Season
- Races: 2
- Start date: May 30
- End date: September 10

Awards
- National champion: Floyd Roberts
- Indianapolis 500 winner: Floyd Roberts

= 1938 AAA Championship Car season =

Auto racing season

The 1938 AAA Championship Car season consisted of two races, beginning in Speedway, Indiana on May 30 and concluding in Syracuse, New York on September 10. There were also two non-championship events. The AAA National Champion and Indianapolis 500 winner was Floyd Roberts.

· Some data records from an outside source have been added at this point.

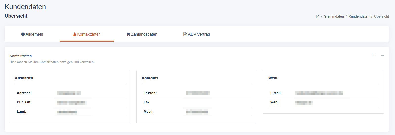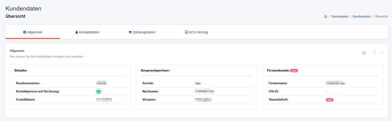 Unter Stammdaten → Kundendaten findest du alle hinterlegten Informationen zu deinem Kundenkonto. Die Seite ist in vier Bereiche (Tabs) aufgeteilt: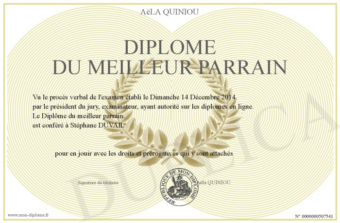 Envoyez par email votre Diplôme du meilleur parrain personalisé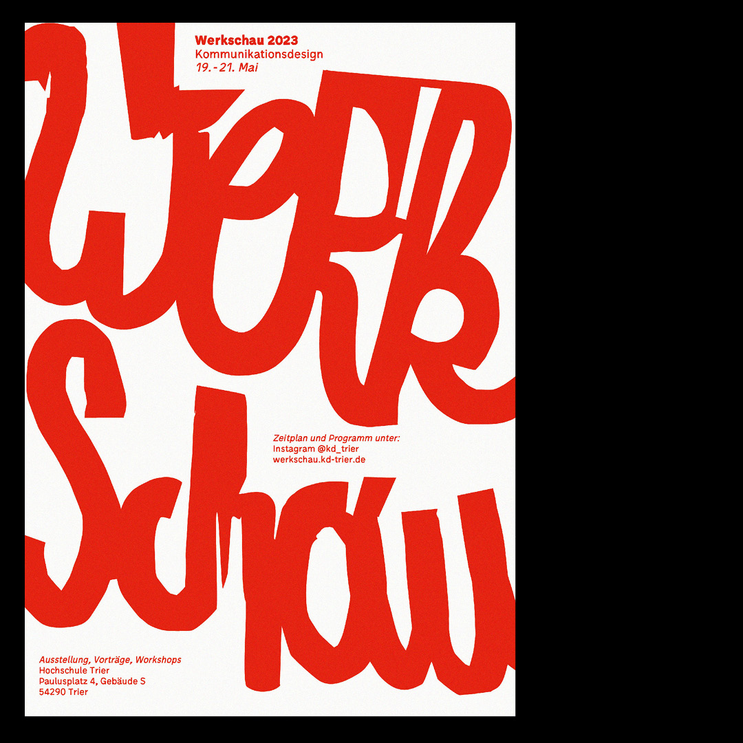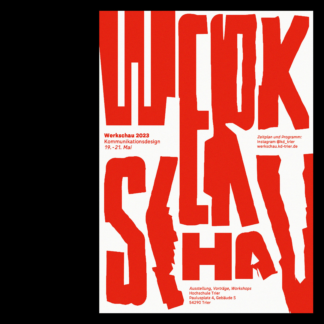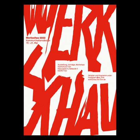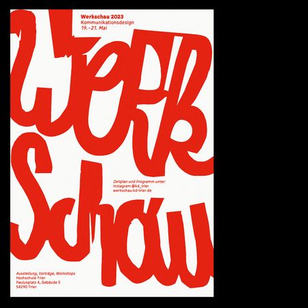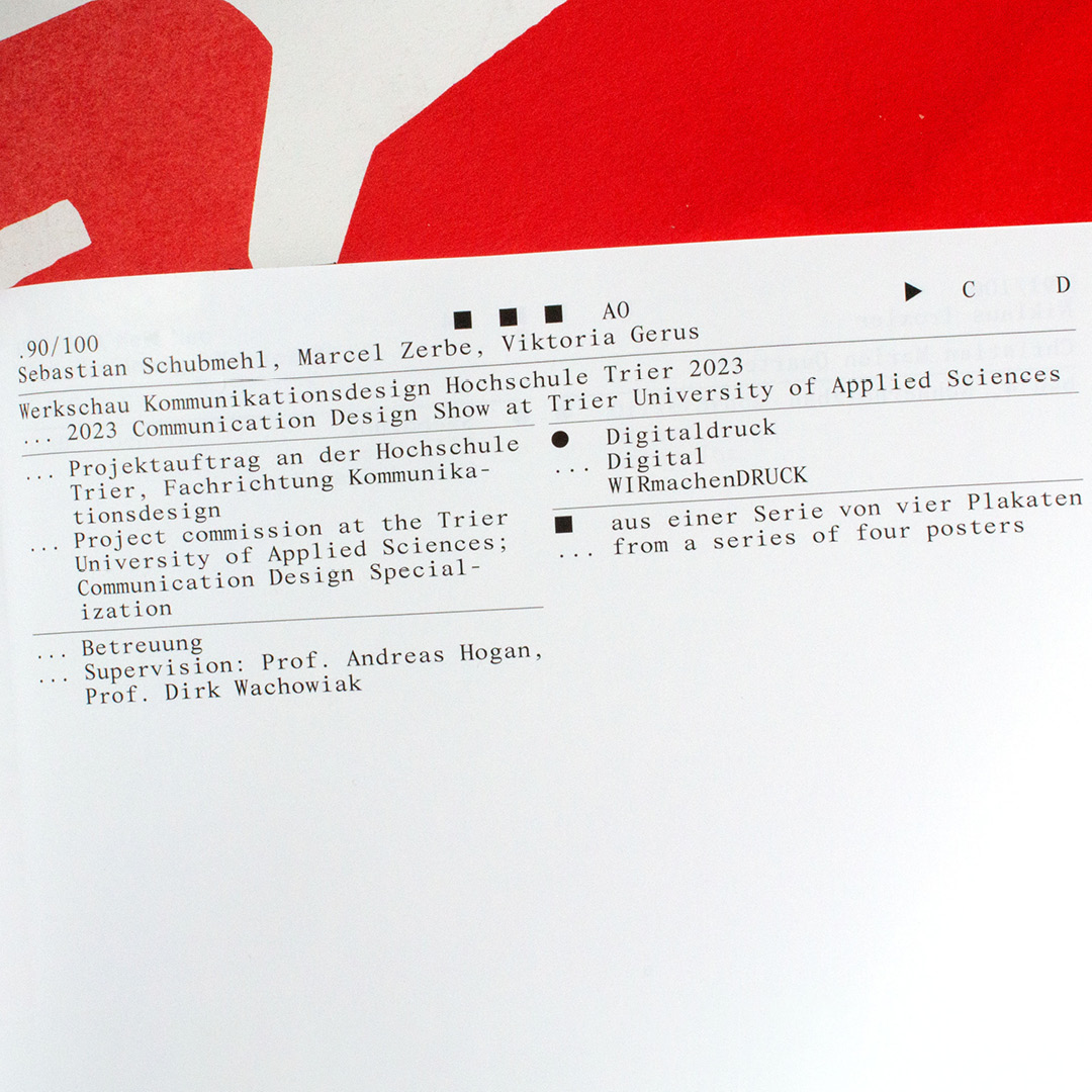 The award-winning posters were designed by Viktoria Gerus, Sebastian Schubmehl and Marcel Zerbe based on the visual identity for the Communication Design 2023 exhibition, which was developed by Sebastian Schubmehl under the supervision of Prof. Andreas Hogan and Prof. Dirk Wachowiak. The posters were printed in the screen printing workshop at Trier University of Applied Sciences by Kelly Azevedo, Anna Biberacher, Katja Friedrich, Leonie Heider, Sora Lee and Lea Napp-Zinn. Digital prints in A0 format will be exhibited.

Billy Winn died at Springfield during the non-championships race.

==Schedule and results==
All races running on Dirt/Brick Oval. In IZOD IndyCar Series 2011 Historical Record Book, the Indianapolis Motor Speedway is, from 1911 to 1938, listed as a "brick track" type circuit. (page 73)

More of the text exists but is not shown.